**Task objective**
Reproduce only the lines of the material below that start at the line containing "Kamagata Maru (full play) (2021_07_1495)" and stop at the line containing "Camas meadow at Playfair Park, Saanich, BC.". Keep both end lines.

**Data to process**
....

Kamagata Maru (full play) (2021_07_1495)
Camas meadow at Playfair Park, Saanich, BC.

....

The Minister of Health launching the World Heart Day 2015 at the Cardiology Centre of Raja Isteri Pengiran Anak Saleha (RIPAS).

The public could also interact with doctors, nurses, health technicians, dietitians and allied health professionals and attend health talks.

....

**Written answer**
Kamagata Maru (full play) (2021_07_1495)
Camas meadow at Playfair Park, Saanich, BC.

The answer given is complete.